Games can help us learn about money, investing, running a business, and other financial concepts. In my youth, we had only board games, such as monopoly or Pit or Life. Today we have a myrid of board and online games to help us learn about and help us teach our kids about money.
Free Online Games
PBS Kids offers several different online games, two are money related: Be your own boss and Mad Money
Dough main offers several different online games such as Fishdom, Exact Change and others.
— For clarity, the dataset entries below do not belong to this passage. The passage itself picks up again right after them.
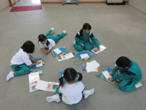 「小さな世界」の歌唱練習です。どのように歌うといいかなという先生の問いかけに進んで自分の考えを発表していました。そのあと、みんなで歌いました。よく知っているメロディで楽しそうでした。
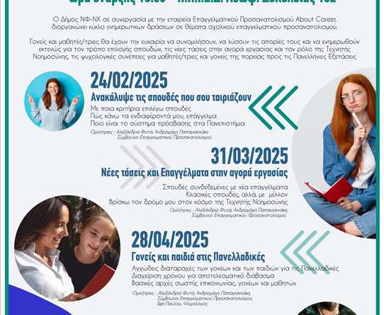 Ο Δήμος Νέας Φιλαδέλφειας-Νέας Χαλκηδόνας, σε συνεργασία με την εταιρεία Επαγγελματικού Προσανατολισμού About Career, διοργανώνει έναν κύκλο δωρεάν ενημερωτικών παρουσιάσεων, με σκοπό να βοηθήσει μαθητές/τριες και γονείς να κατανοήσουν και να γνωρίσουν τον τρόπο που θα επιλέξουν τη μελλοντική επαγγελματική τους πορεία, μέσα σε έναν κόσμο που διαρκώς αλλάζει.
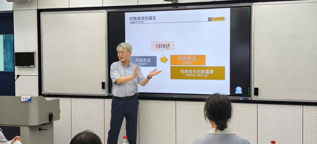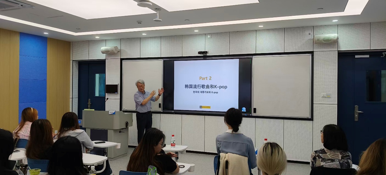 11月6日,在教师发展中心的大力支持下,东语学院成功举办了题为《韩国文化与大众音乐:从传统音乐到K-pop》的学术讲座。本次讲座由韩国釜山外国语大学名誉教授宋享根博士主讲,朝鲜语系主任金丽华老师主持,全系师生踊跃参与。
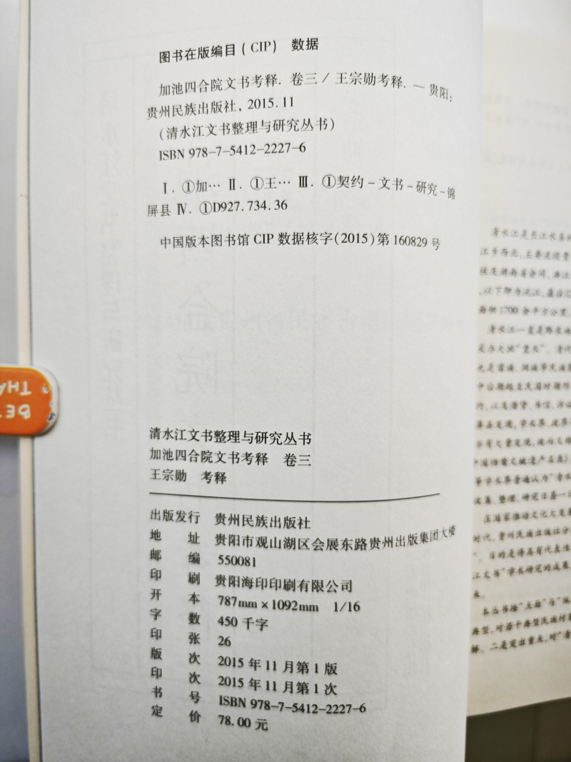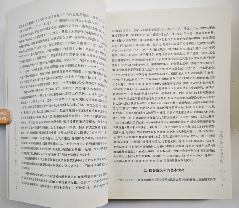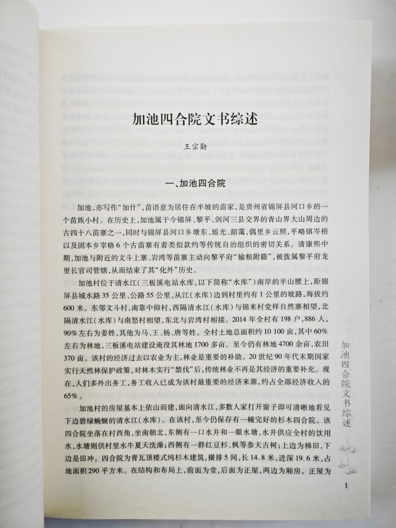 《加池四合院文书考释》(四卷)是对贵州省锦屏县加池寨四合院姜绍烈家族所藏文书进行整理、影印、点校、注释,该文书群保存完好,计1200余份,上起清乾隆中期,下迄1950年代,时间跨度近两个世纪。其内容以林业经营为主,涉及山林土地买卖、租佃关系、宗法规则、赋役制度、司法诉讼、风土人情、宗教信仰等等。文书类别除一般散件契约外,还有三本有关林业经营的簿册文书,资料集中,纪录完整,研究价值很高。

Another free to play online game is Celebrity Calamity
(http://financialentertainment.org/play/celebritycalamity.html), from Doorway 2 Dreams is, according to the Financial Entertainment website, “our first financial entertainment product, is a video game that’s fun to play and gives players valuable financial information they can use in daily life. In this game, players become the Business Manager for three up-and-coming celebrities—Alice Albudget, Buster Buyin, and Missy Moolah—who spend beyond their means. Players must effectively use a bank account, debit card, and credit card to be successful”. Other financial online games are also available at https://financialentertainment.org/.
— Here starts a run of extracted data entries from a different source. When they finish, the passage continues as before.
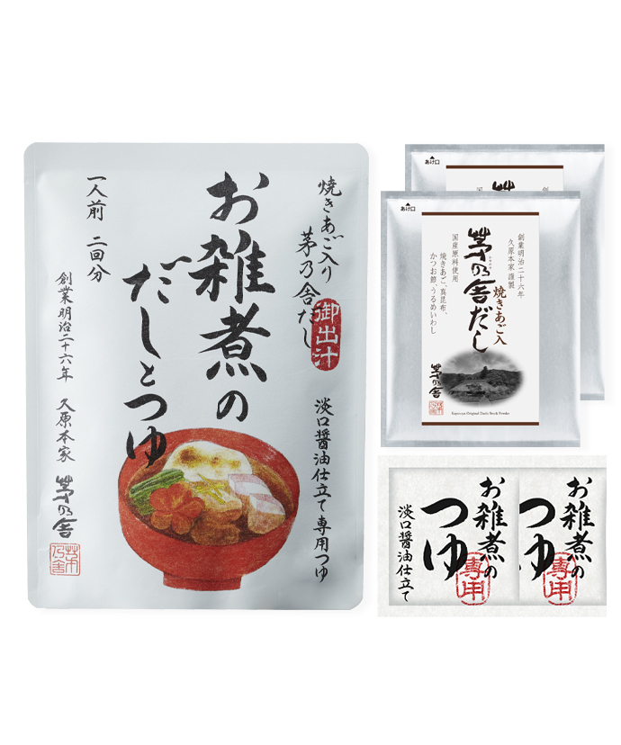 【だしパック】風味原料(かつお節、いわし煮干しエキスパウダー、焼きあご、うるめいわし節、昆布)、でん粉分解物、酵母エキス、食塩、粉末しょうゆ、発酵調味料、(一部に小麦・大豆を含む)
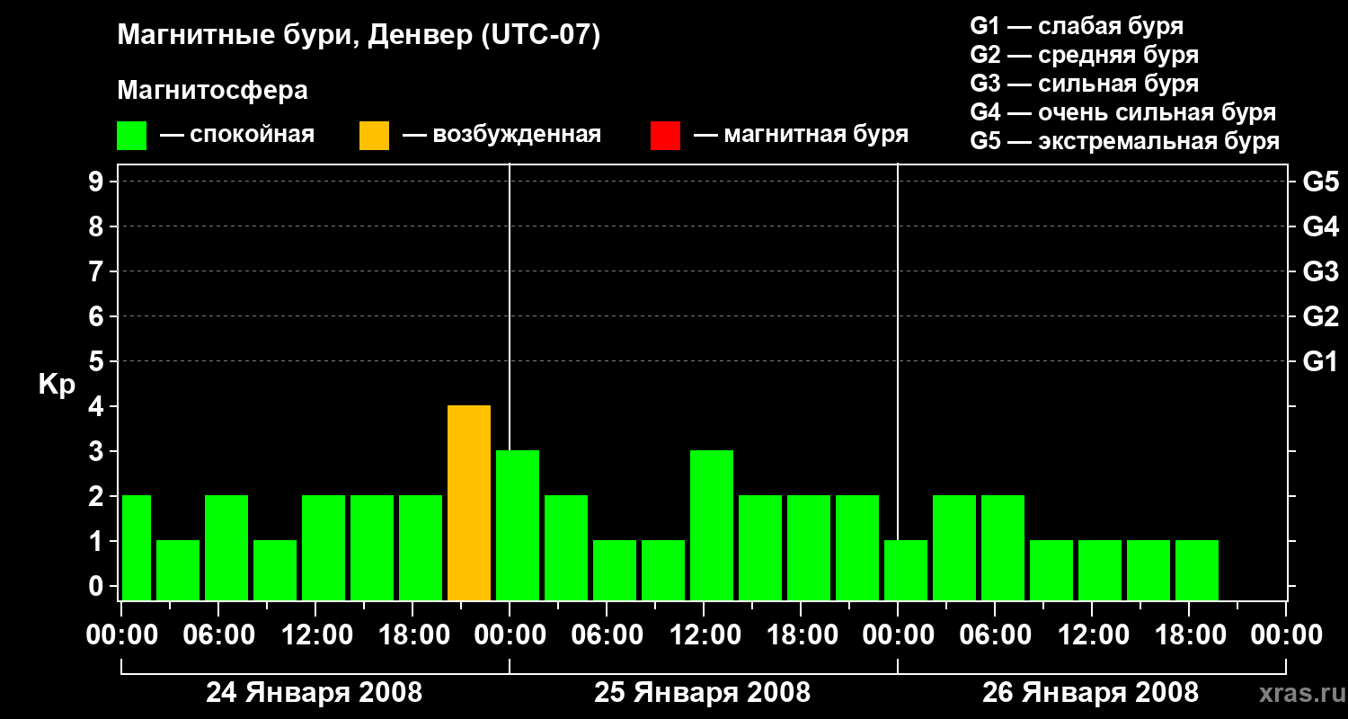 Изменения геомагнитного индекса Kp с 24 по 26 января 2008 года для средних широт
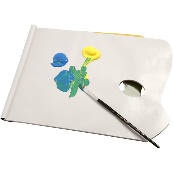 Palette in the form of a book with waxed paper sheets and special thumbholes. 40 sheets to tear out.
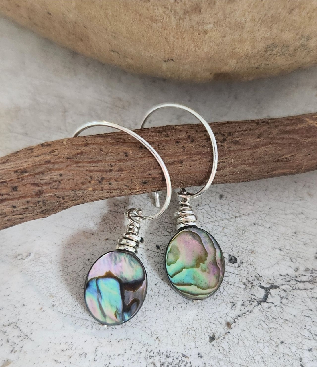 Embrace the iridescent beauty of the sea with the Ocean Glow Hoops. These silver mini hoops feature captivating abalone dangles that shimmer with hues of blue, green, and violet, reminiscent of ocean waves catching the sunlight.
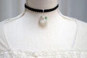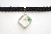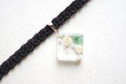 青緑とオフホワイトのお花、パール、ブリオンを沈めた四角いレジンを、ベルベットリボンにタティングレースで装飾を施したチョーカーに仕上げました。
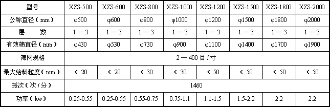 XZS系列旋振篩振動形式特殊,物料運動軌跡和振幅可調(diào),滿足不同工藝要求。任何顆粒、細粉、漿液均可篩分過濾;篩分效率高,既可概略分級,又可進行精細篩分或過濾;體積小、重量輕、安裝移動方便;網(wǎng)架設(shè)計獨特、換網(wǎng)容易,篩網(wǎng)壽命長、清洗方便、操作簡單;全封閉,無粉塵溢散,有利于改善勞動條件;粗、細料自動分級排出,能實現(xiàn)自動化作業(yè);出料口繞軸線360度任意設(shè)置,便于布置配套設(shè)備;耗能小,噪音低、滿足節(jié)能、環(huán)保要求;保養(yǎng)簡單,可單層或多層使用。
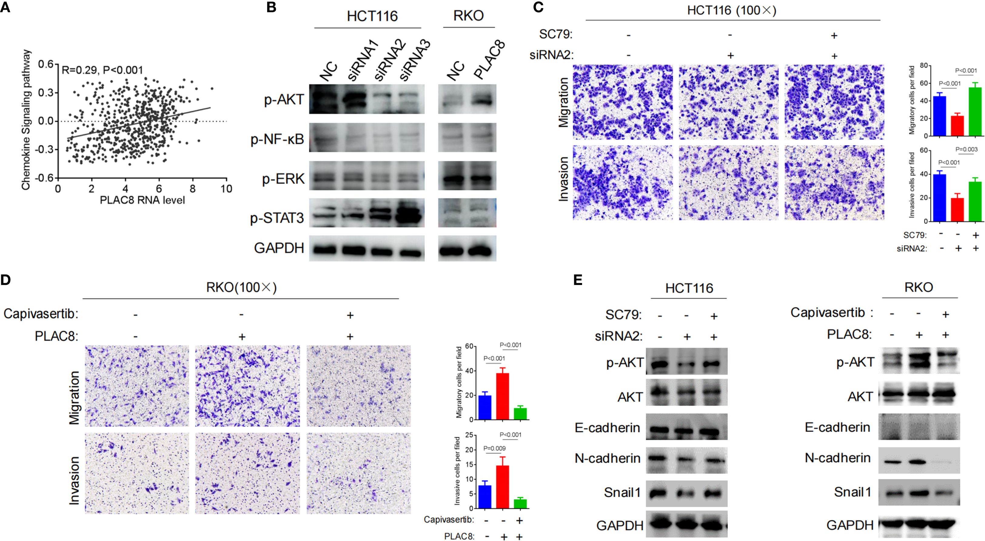 Figure 3. (A) TCGA-based bioinformatic analysis to explore PLAC8 involvement in chemokine signaling. (B) Effect of PLAC8 expression changes on inflammation and cytokine-related signaling pathways. (C) Reversal by AKT pathway activator SC79, the reduction in migration and invasion abilities induced by PLAC8 knockdown. (D) Reversal by AKT inhibitor capivasertib, the enhanced migration and invasion abilities of colorectal cancer cells induced by PLAC8 overexpression. (E) Effects of PLAC8 modulation and AKT pathway activator and inhibitor on EMT-related protein expression. (GSVA for enrichment).
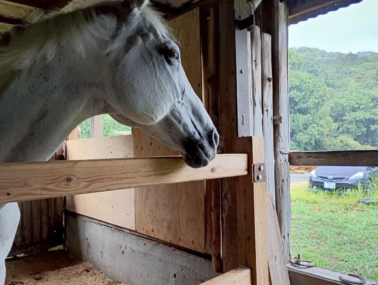 建物や設備は本当に古いけれど、直接自然を感じられる古い馬小屋は馬にとってはある意味快適な様子です。お借りする予定だった場所は立派な馬房だったけれど、馬たちはその頃より熊本に移ってからの方が性格ものんびりになり、表情もおだやか、なんだか生き生きとした様子になりました。
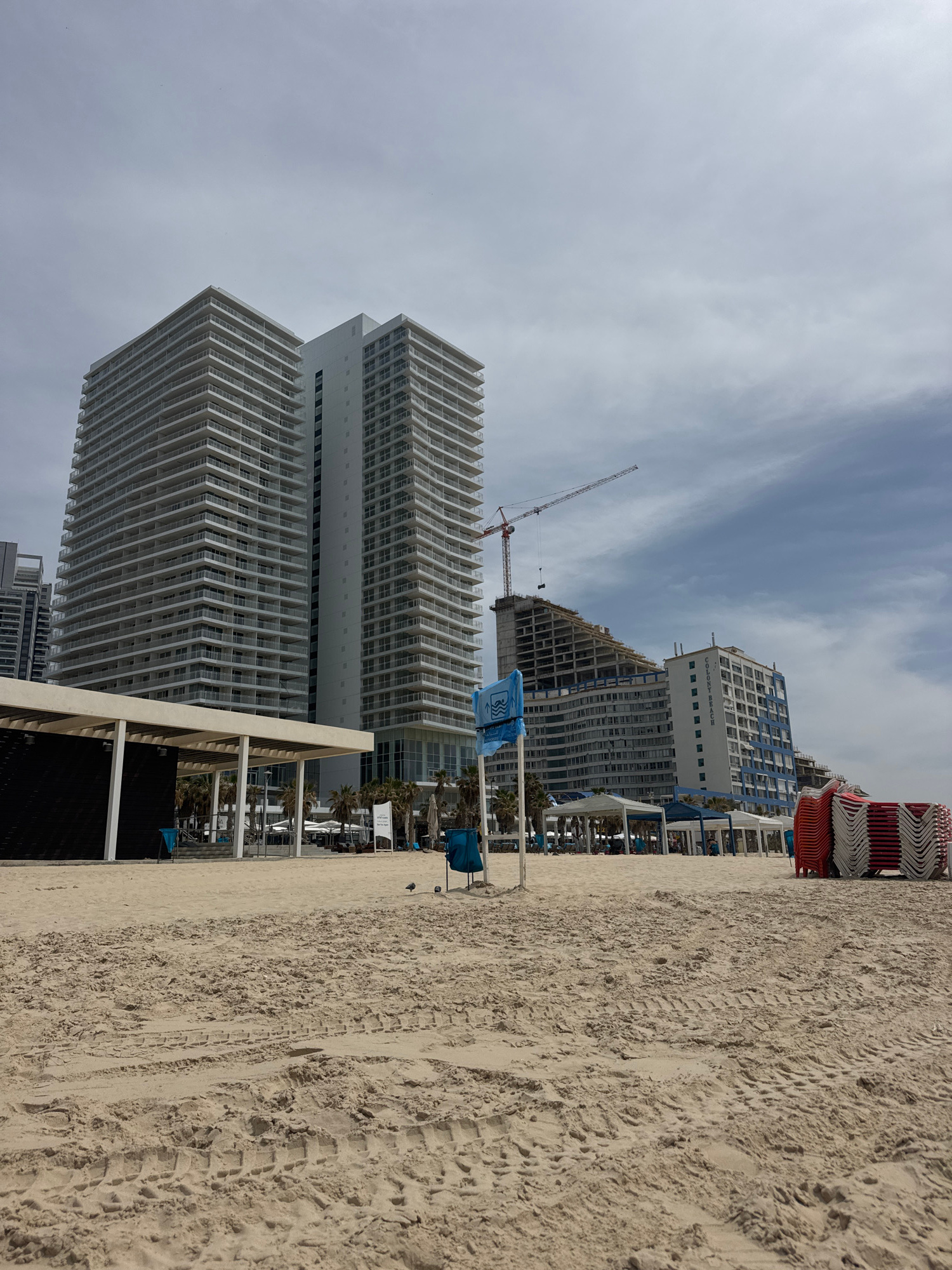 The image depicts a view of the beach in Bat Yam, Israel. To the left are two high-rise apartment buildings with white facades and balconies. Further back is another building with exposed construction…read more

A site with free games and more is TheMint (http://www.themint.org/index.html) a site developed by the Northwestern Mutual Foundation to help teach kids and teens (6th – 12th graders) about personal finance. It has a number of categories of learning (such as earning, spending, giving, tracking, investing and etc. These are divided by age group into a ‘for kids’ and a ‘for teens’ area. Each category has activities, games and information. There is even a section for parents – to check up on how well they are doing training their kids!
At Practical Money Skills for Life (http://www.practicalmoneyskills.com/games/)– the Visa outreach program provides a variety of free games (which by the way they let you embed on your website), such as Cash Puzzler, Countdown to Retirement and Money Metropolis which allows kids ages 7–12 to navigate a multi-dimensional world, making life decisions that will affect whether their virtual bank account shrinks or grows. They have additional games, including Peter Pig’s Money Counter where kids ages 4–7 can practice sorting and counting coins with the help of wise Peter Pig.
Yet another online game is Money$Island which was created by a former Teacher of the Year (Felix Brandon Lloyd) and is offered by BancVue to community financial institutions to brand and put on their websites. Kids are on a quest to save a broke kid. They learn saving, spending, investing and giving concepts along the way. First National Bank and Trust has it on their website.